Os jornais ainda são a fortaleza maior do jornalismo de qualidade, tão importante para a democracia.
Lembrei que a tese de que as novas tecnologias, como a internet, os blogs, o Twitter e as redes sociais de comunicação, como o Facebook, seriam elementos de neutralização da grande imprensa é contestada por pesquisas de especialistas das universidades de Cornell e Stanford que definem a internet como a “caixa de ressonância” da grande imprensa, de quem precisa para se suprir de informação e para dar credibilidade às informações.
Não é à toa, ressaltei, que os sites e blogs mais acessados tanto nos Estados Unidos quanto no Brasil são aqueles que pertencem a companhias jornalísticas tradicionais, já testadas na árdua tarefa de selecionar e hierarquizar a informação.
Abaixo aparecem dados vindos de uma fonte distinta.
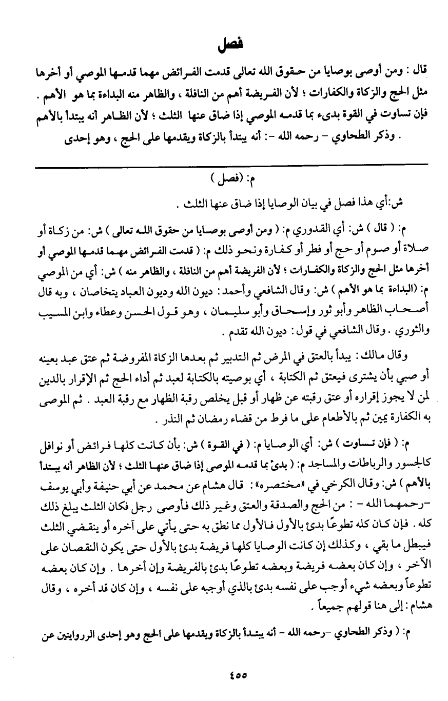فصل قال: ومن أوصى بوصايا من حقوق الله تعالى قدمت الفرائض مهما قدمها الموصي أو أخرها مثل الحج والزكاة والكفارات؛ لأن الفريضة أهم من النافلة، والظاهر منه البداءة بما هو الأهم.

O jornalismo profissional tem uma estrutura, uma forma profissional de colher e checar informações que a vasta maioria dos blogueiros não tem.
Um exemplo de exceção que destoa dessa regra apenas para confirmá-la é o Huffington Post, que se destacou nos Estados Unidos como um blog de informações e análises, muitas vezes exclusivas, mas que acabou montando uma estrutura profissional com o auxílio de investidores privados e terminou dentro de uma grande estrutura, a AOL, preservando as características iniciais de um blog independente, mas se organizando como as grandes estruturas profissionais jornalísticas, o que certamente só aumentará seu poder de fogo.